Springs are one of the most common components in any mechanical system. If you are a machine design engineer you are more likely to come across modelling a spring while you are designing any machine sub assembly.
While designing springs is a whole topic in itself which involves all the calculations like what spring force is required, the working temperatures of the machine, the material properties required in the springs, etc. One of the questions anyone who has just started using Solidworks will have is, how do you actually mate springs with a shaft or a hole?
I will be showing quick tips on mating springs with a hole and a shaft by guiding you on how to constrain the spring and keep it where you want it inside the assembly.
MATING SPRING WITH A HOLE
Firstly I have modeled a spring using a helix curve and the swept command together. Remember the center of the base circle sketch that you will be using for creating the spring must coincide with the origin of the part’s coordinate system. The significance of this will be realized later.

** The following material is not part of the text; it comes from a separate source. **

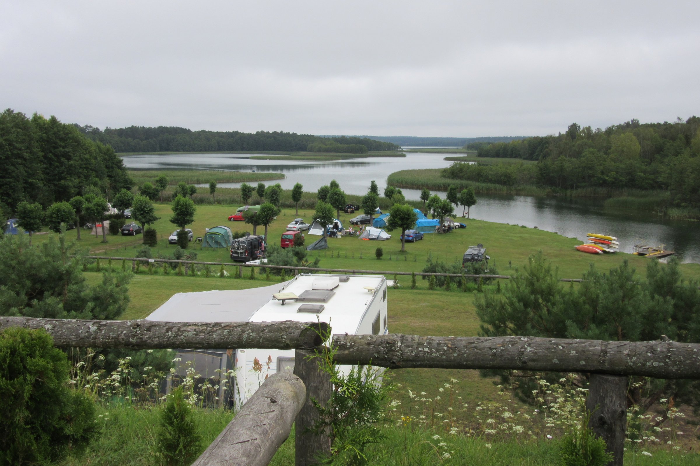 Po procházce nás na konci Bryzgielu vyzvedne autobus a pokračujeme do kempu Królowa Woda nedaleko města Augustów, což je správní město celé oblasti. Ubytujeme se v chatkách a jdeme prozkoumat okolí, které zahrnuje i kempovou pláž u jezera Sajno s hejnem kachen na jeho písčitém břehu. Pokud bychom chtěli prozkoumat jezero, jsou zde k zapůjčení šlapadla. Této možnosti ale vzhledem k zatažené obloze a občasné přeháňce nevyužijeme.

Then we cut the edges off to make the surfaces easy to mate. If you have noticed spring suspensions carefully you may remember that’s how suspension springs were made with those cut edges. So now we get the spring which we are going to be working with.
This is how the spring and the hole looks like.
Now I will simply mate the base edge face of the spring that we made flat by using the extrude cut feature with the base face of hole by using a coincident mate. Then I will go to visibility options and press the show temporary axis button. After doing this my assembly will look something like this.
I then select the origin of the spring and the temporary axis of the hole to mate them coincident and hence the job is done. The spring is free to rotate around its axis and is constrained the way it should be.
MATING SPRING WITH SHAFT
The procedure of mating the spring with a shaft will remain the same as that of mating it with the hole just remember to keep the origin and the center of the spring’s base circle coincident.